50 % de médicaments sont inutiles
Publié par Administrateur le Septembre 15 2012 16:15:48
Deux professeurs de médecine, Bernard Debré et Philippe Even, publient un guide des médicaments dans lequel ils affirment qu'un médicament sur 2 est inutile et 1 sur 20 potentiellement dangereux.
Nouvelles étendues
La France, toujours citée parmi les pays consommant plus de médicaments que de raison, voit paraître un nouvel ouvrage alarmiste sur sa situation pharmaceutique. Dans leur Guide des 4000 médicaments utiles, inutiles et dangereux, Bernard Debré, chirurgien et député UMP, et Philippe Even, pneumologue, s'attaquent aux inefficacités du système français. Trop de molécules sans intérêt, voire nocives, sont tolérées sur le marché français et remboursées, notamment pour protéger l'industrie pharmaceutique hexagonale, dénoncent-ils. Le tout contribuant, selon eux, à plomber les comptes de l'Assurance-maladie.
Le livre recense ainsi «50% de médicaments inutiles, 20% de mal tolérés, 5% de “potentiellement très dangereux”». Ils en extraient une liste de 56 médicaments à suspendre immédiatement.
L'analyse des deux professeurs de médecine reçoit un accueil mitigé parmi les experts français en pharmacologie. Ceux-ci reconnaissent à l'ouvrage le mérite de soulever des problèmes structurels régulièrement dénoncés depuis une vingtaine d'années: trop de produits inefficaces conservent leur autorisation de mise sur le marché, les consultations des médecins débouchent trop souvent sur des ordonnances inutiles, par réflexe culturel. Mais toutes les conclusions de ce guide colossal - 900 pages, d'une utilisation pas forcément évidente pour le grand public - ne sont pas forcément partagées.
«Des erreurs»
«Il y a dans ce livre beaucoup de choses vraies, mais aussi de choses fausses», déplore ainsi le Pr Jean-François Bergmann, vice-président de la commission d'autorisation de mise sur le marché à l'Agence nationale de sécurité du médicament (ANSM), et chef de service de médecine interne à l'hôpital Lariboisière. «C'est vrai qu'il y a trop de médicaments redondants (n'apportant pas de réelle amélioration par rapport à la version ancienne, moins chère, NDLR), que la politique du générique n'est pas claire et que le prix de certains médicaments est disproportionné par rapport à leur efficacité. Mais les auteurs font aussi des erreurs. Contrairement à ce qu'ils disent, je considère l'Avastin (anticancéreux) comme un produit important, de même que le Byetta (antidiabétique), alors qu'eux souhaiteraient les suspendre. À l'inverse, ils citent comme produit d'excellence le Sintrom (antiacoagulant) que plus personne ne recommande depuis vingt ans. Leur livre reflète également une méconnaissance du circuit du médicament. Le tout n'inspire pas confiance.»

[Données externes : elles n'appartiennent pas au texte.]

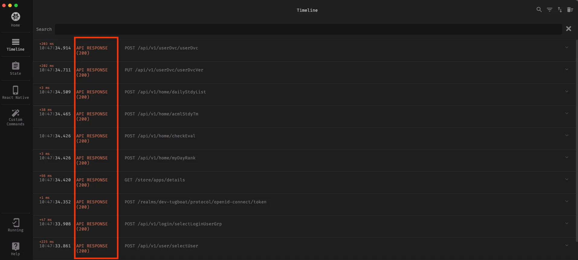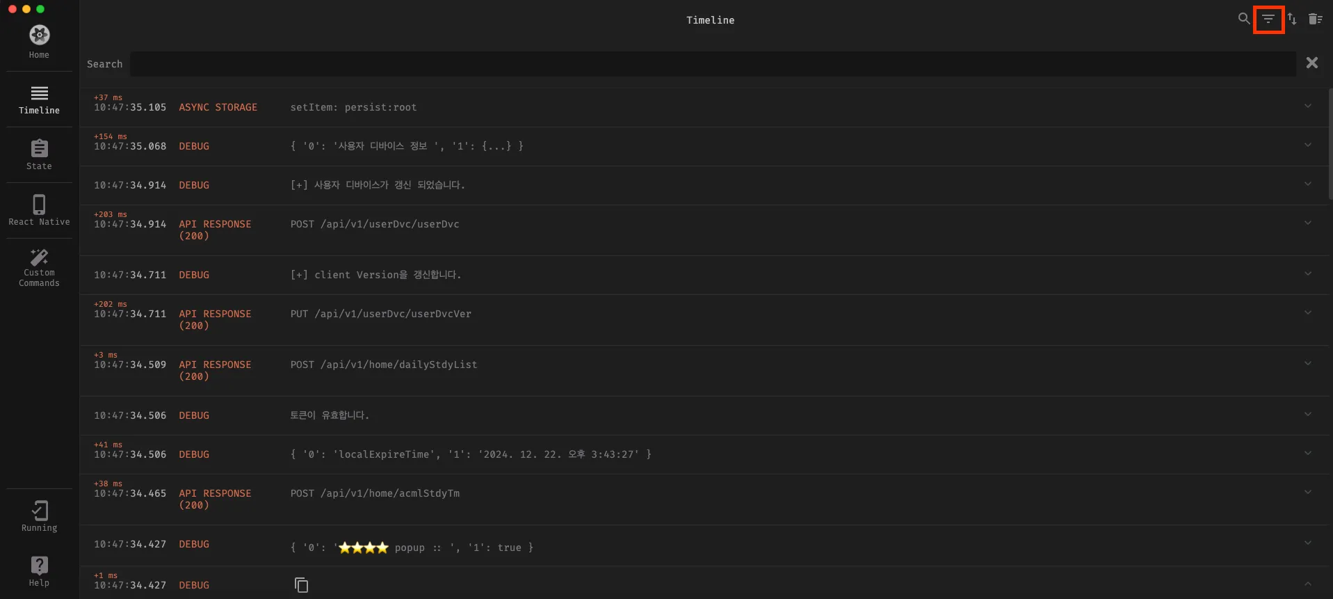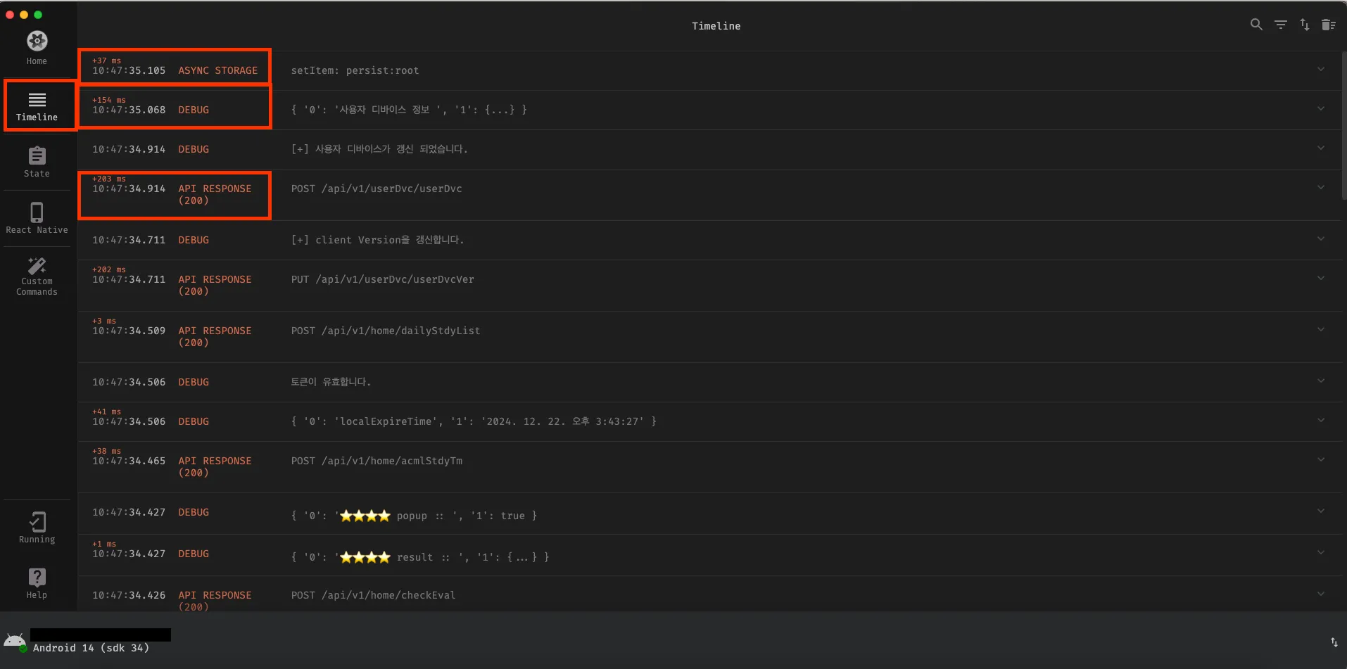 - 위에서 지정한 Redux(Async Storage)와 API Response에 대한 로그 및 일반 DEBUG에 대해서 출력이 됨을 확인하였습니다.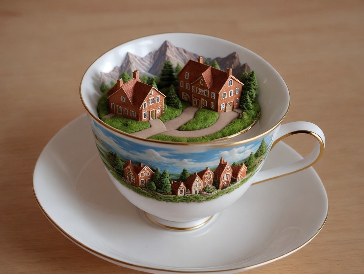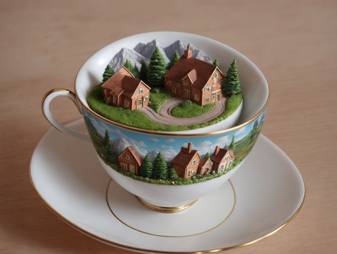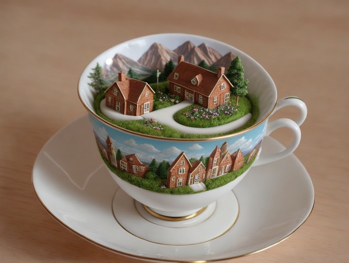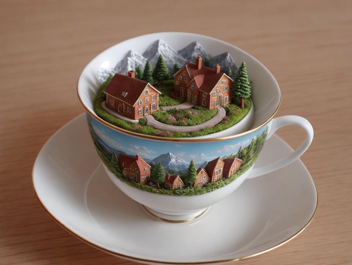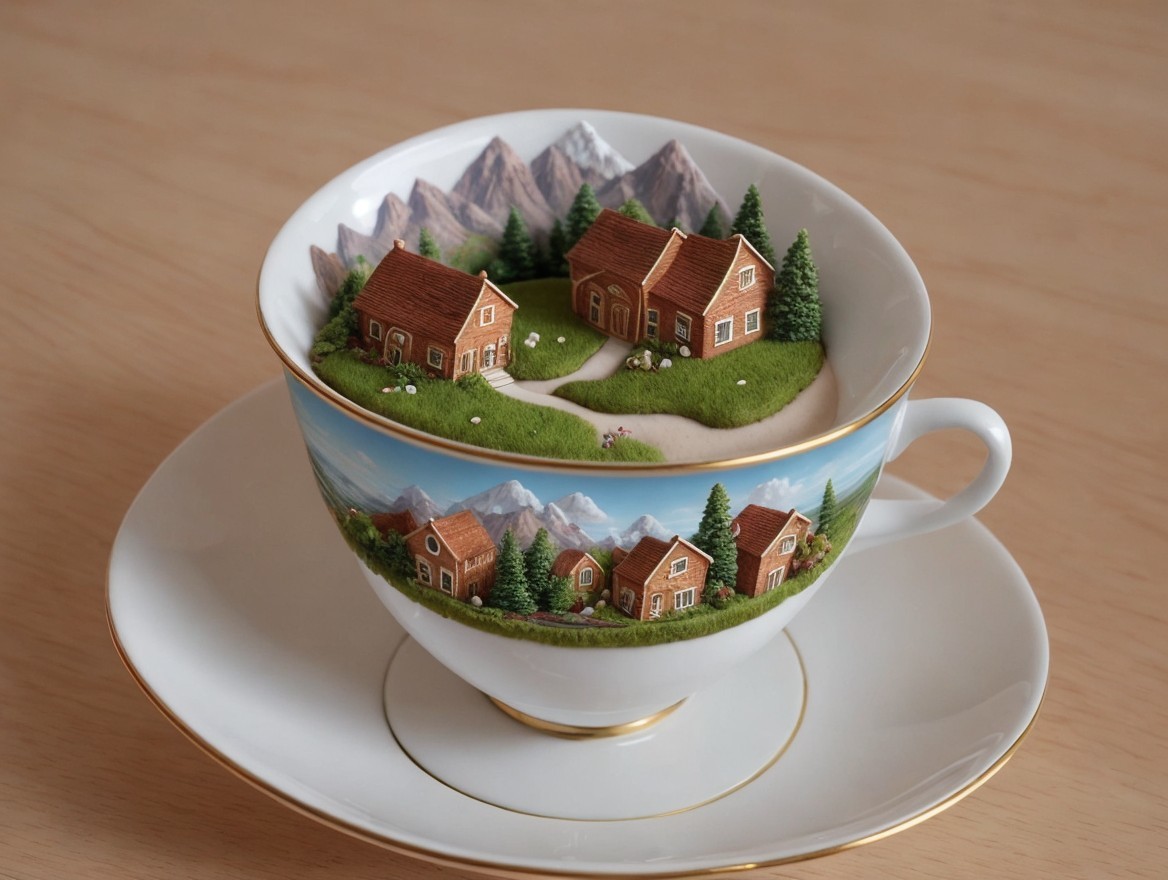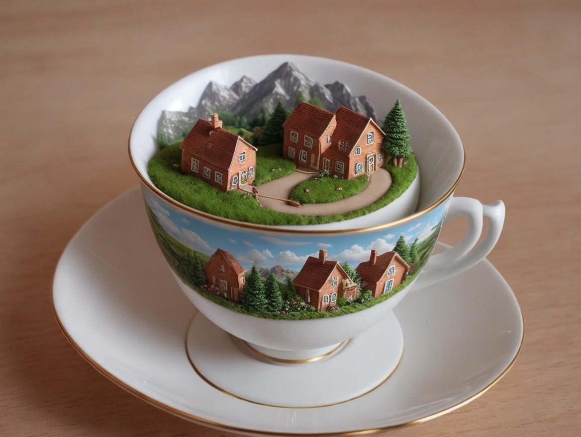 A whimsical teacup features a miniature village scene with houses, greenery, and mountains, all intricately crafted on a vibrant, detailed landscape inside the cup.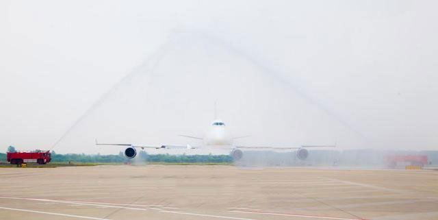 2018年5月18日,由韓國仁川至江蘇無錫再至德國哈恩的5Y523/524航班緩緩落地,通過“水門”迎接。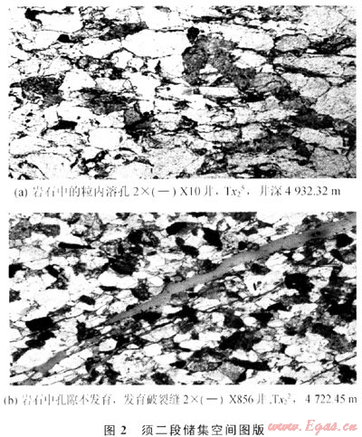 由須二段儲(chǔ)層孔隙度與滲透率的關(guān)系圖(圖1)可見,隨著孔隙度的增大滲透率有變好的趨勢(shì),但孔滲相關(guān)性較差,這說明須二段儲(chǔ)層基質(zhì)孔滲相關(guān)性較好,同時(shí)儲(chǔ)層存在一些與孔隙空間關(guān)系較小的額外滲濾通道,這些滲濾通道使得須二段滲透率值的增加對(duì)孔隙度增加的依賴很小。由薄片鑒定可推斷新場(chǎng)須二段儲(chǔ)層的額外滲濾通道為裂縫(圖2)。工業(yè)氣流的產(chǎn)出對(duì)裂縫的依賴程度很高[1~3]。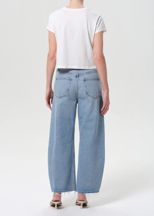 The Low Curve Fray is a summer-ready adaptation of the classic Low Curve Jean. Featuring a cropped inseam, this version is tailored for warmer weather, with a frayed hem that adds a laid-back, effortlessly chic touch. Crafted from regenerative cotton, the vintage marbled light indigo denim features fading, whiskering, and a frayed hem for a perfectly worn-in look. Pair with a relaxed tank and sandals for a casual summer vibe.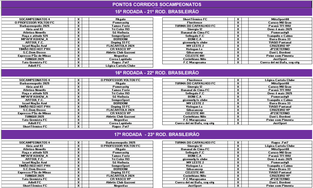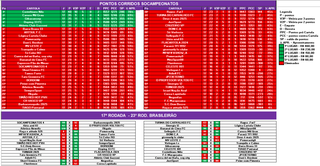 PONTOS CORRIDOS SOCAMPEONATOS – RODADA 17

Pour Jean-Louis Montastruc, professeur de pharmacologie médicale à Toulouse, «il ne faut pas diaboliser les médicaments, qui soignent quand même beaucoup de maladies». «Un médicament s'inscrit toujours dans un contexte: il est donné à un patient avec une pathologie, un âge, des antécédents, qui permettront au médecin d'en estimer les bénéfices au regard des risques, rappelle-t-il. Car n'oublions pas qu'un médicament n'est jamais inoffensif. Sinon, cela voudrait dire qu'il est sans effet.»
Mieux informer les médecins
Avec le Pr Bergmann, il partage le sentiment qu'un effort doit être fait par les autorités sanitaires pour mettre à disposition des médecins une information indépendante sur les médicaments, quasi inexistante en France. «Actuellement, les praticiens de ville sont essentiellement informés par les visiteurs médicaux payés par les laboratoires.»
Le Leem, fédération professionnelle des industriels du médicament, a pour sa part déploré mercredi soir des «amalgames et approximations» qui «contribuent à alarmer inutilement les malades et risquent de les conduire à arrêter de leur propre chef des traitements pourtant adaptés aux maladies dont ils souffrent».